The second device, a biologically inspired "gripper," mimics the way hungry California sea slugs in Chiel's lab grasp seaweed in its many highly slippery forms. The prototype consists of a four-inch, ball-like device, surrounded by muscle-like actuators in the form of tubes or rings. One of these tubes contains a mouth that opens and closes. The ball pushes forward, opens its mouth and grasps at the object before it.

This device could meet an industrial need for grippers that can pick up soft objects without destroying them.

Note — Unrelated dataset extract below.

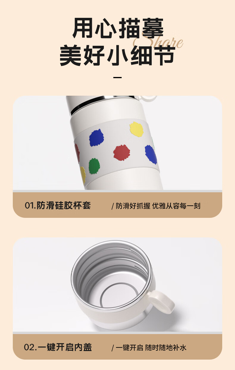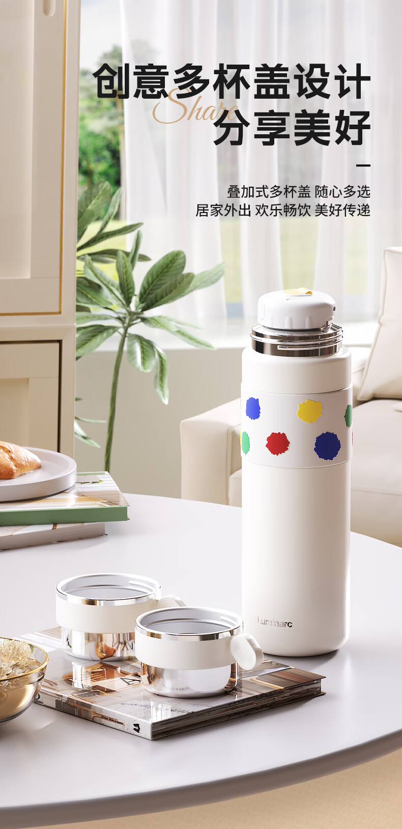 创意多杯盖叠加设计,分享盖畅饮;防滑硅胶杯套,780ml大容量设计;防滑静音硅胶底垫,抗震防摔

Building grippers to pick up soft materials has been very hard," Chiel explained. "Most gripper devices are fairly rigid and designed to work effectively with things that have a fixed orientation or a certain texture or toughness."

Chiel also noted that if the gripping device were miniaturized and equipped with sensors, it could have medical applications as well. Such a device, for example, might eat its way through occluded blood vessels.

Animal behavior and robots

For nearly two decades and with support from the National Science Foundation, Chiel has studied the detailed movements of soft-tissue animals like the California sea slug, chronicling their behavior on film and with MRI imaging..

"My focus has been basic science," Chiel explained. "If we can understand how nature controls adaptive behavior through its neural and biomechanical mechanisms, it will have spinoffs in novel devices. But it will also help us understand behavior in more complicated systems like human beings."

Taking Chiel's findings about animal motion, Roger Quinn, director of the Biorobotics Laboratory in the engineering school, and Randy Beer, Case professor of electrical engineering and computer science, designed the robotic devices. Elizabeth Mangan, a graduate student in mechanical engineering, built them. A second graduate student in mechanical engineering, Gregory Sutton, also contributed to the "Gripper" project.

The two new devices join other inventions--including several generations of insect-like robots that imitate cockroach behavior--created by researchers from the College of Arts and Sciences and the Case School of Engineering.


Adapted from materials provided by Case Western Reserve University.